▸ **Instructions for the task**:
These records contain pictures, which must be left out; copy exactly the lines from the one with "Koupelna : vana, umyvadlo, toaleta, ručníky, sprchový" up to and including the one with "A modern rose".

▸ **Data provided**:
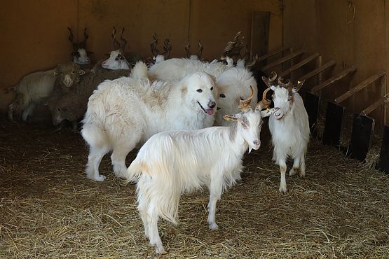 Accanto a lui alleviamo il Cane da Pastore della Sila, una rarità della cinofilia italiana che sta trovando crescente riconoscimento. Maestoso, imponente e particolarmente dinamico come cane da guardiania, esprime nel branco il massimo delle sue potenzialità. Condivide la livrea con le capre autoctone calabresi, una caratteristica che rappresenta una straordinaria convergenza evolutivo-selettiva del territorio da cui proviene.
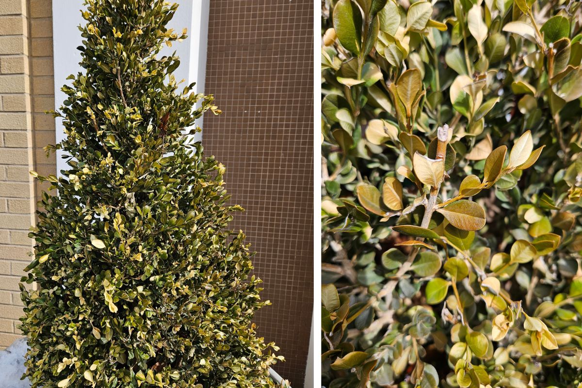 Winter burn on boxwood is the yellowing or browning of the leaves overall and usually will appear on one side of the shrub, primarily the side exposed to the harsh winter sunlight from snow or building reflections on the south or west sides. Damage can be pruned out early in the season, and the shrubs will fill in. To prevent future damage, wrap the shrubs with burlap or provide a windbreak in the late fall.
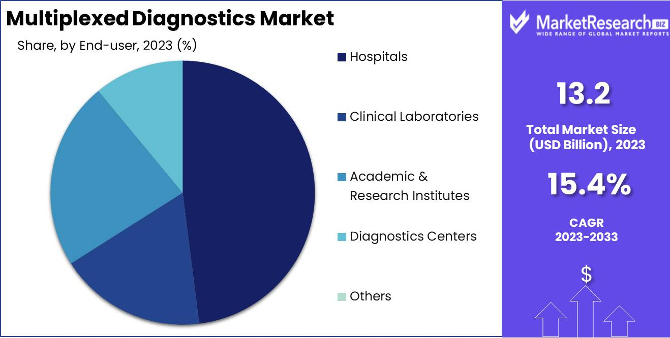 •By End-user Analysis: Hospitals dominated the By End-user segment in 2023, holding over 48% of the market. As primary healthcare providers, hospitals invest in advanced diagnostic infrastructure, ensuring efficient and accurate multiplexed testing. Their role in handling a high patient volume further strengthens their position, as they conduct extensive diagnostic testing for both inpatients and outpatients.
---
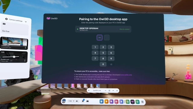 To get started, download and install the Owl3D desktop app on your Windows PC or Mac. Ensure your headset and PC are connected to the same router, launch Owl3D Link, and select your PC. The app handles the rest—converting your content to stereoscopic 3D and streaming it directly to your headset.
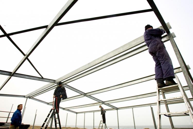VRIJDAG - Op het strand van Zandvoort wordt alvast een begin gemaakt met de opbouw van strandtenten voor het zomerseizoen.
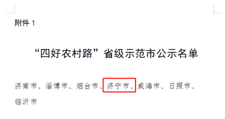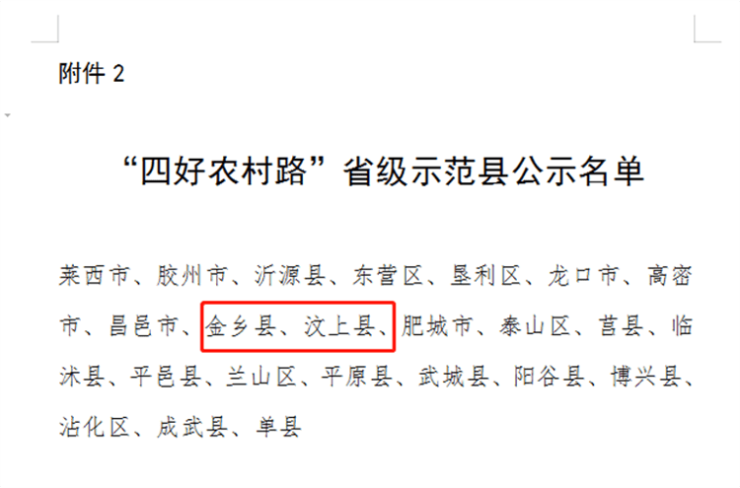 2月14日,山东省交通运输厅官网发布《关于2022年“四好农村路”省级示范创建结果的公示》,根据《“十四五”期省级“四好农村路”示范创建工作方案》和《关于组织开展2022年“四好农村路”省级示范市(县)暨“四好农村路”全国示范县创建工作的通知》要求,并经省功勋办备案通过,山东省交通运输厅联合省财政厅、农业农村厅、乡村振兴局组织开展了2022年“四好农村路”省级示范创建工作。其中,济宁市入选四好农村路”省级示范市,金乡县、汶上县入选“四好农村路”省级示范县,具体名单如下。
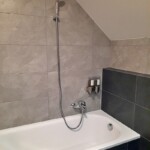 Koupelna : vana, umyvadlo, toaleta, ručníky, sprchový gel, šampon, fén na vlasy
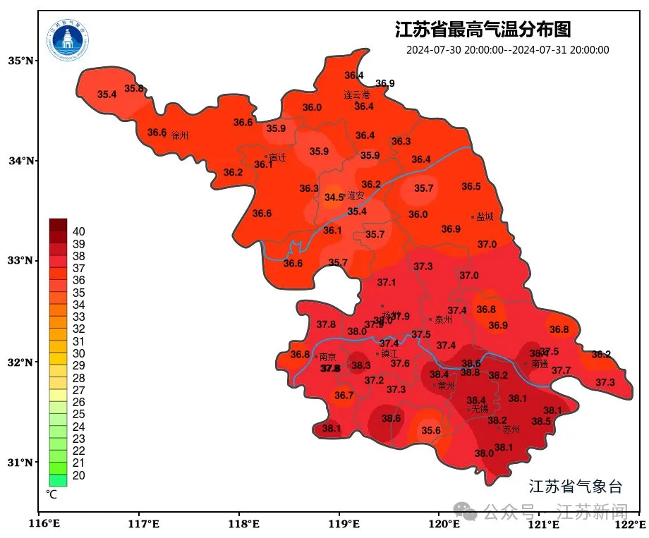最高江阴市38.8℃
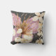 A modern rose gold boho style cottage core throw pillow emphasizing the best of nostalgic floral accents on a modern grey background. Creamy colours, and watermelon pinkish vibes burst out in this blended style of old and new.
---
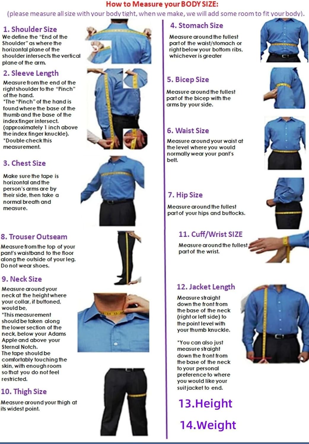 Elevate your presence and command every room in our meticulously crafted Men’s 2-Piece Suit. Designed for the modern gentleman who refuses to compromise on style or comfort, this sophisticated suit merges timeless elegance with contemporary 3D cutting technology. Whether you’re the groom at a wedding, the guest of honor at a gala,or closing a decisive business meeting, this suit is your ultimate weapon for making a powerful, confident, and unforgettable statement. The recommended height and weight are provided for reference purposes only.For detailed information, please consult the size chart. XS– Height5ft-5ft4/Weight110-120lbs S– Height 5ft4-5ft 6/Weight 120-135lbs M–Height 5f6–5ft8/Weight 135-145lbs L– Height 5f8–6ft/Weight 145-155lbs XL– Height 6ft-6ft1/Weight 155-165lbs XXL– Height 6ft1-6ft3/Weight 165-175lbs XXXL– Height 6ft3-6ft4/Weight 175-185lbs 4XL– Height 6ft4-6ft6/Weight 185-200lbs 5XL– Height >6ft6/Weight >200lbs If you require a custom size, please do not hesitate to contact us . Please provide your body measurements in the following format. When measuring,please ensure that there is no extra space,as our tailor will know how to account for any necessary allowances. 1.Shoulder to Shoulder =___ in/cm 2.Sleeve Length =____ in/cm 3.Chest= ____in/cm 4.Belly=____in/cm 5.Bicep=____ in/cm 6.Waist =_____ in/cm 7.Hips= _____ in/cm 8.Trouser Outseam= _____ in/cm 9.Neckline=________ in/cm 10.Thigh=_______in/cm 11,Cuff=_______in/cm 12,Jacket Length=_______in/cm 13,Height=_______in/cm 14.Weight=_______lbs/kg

▸ **Answer to the problem**:
 Koupelna : vana, umyvadlo, toaleta, ručníky, sprchový gel, šampon, fén na vlasy
最高江阴市38.8℃
 A modern rose gold boho style cottage core throw pillow emphasizing the best of nostalgic floral accents on a modern grey background. Creamy colours, and watermelon pinkish vibes burst out in this blended style of old and new.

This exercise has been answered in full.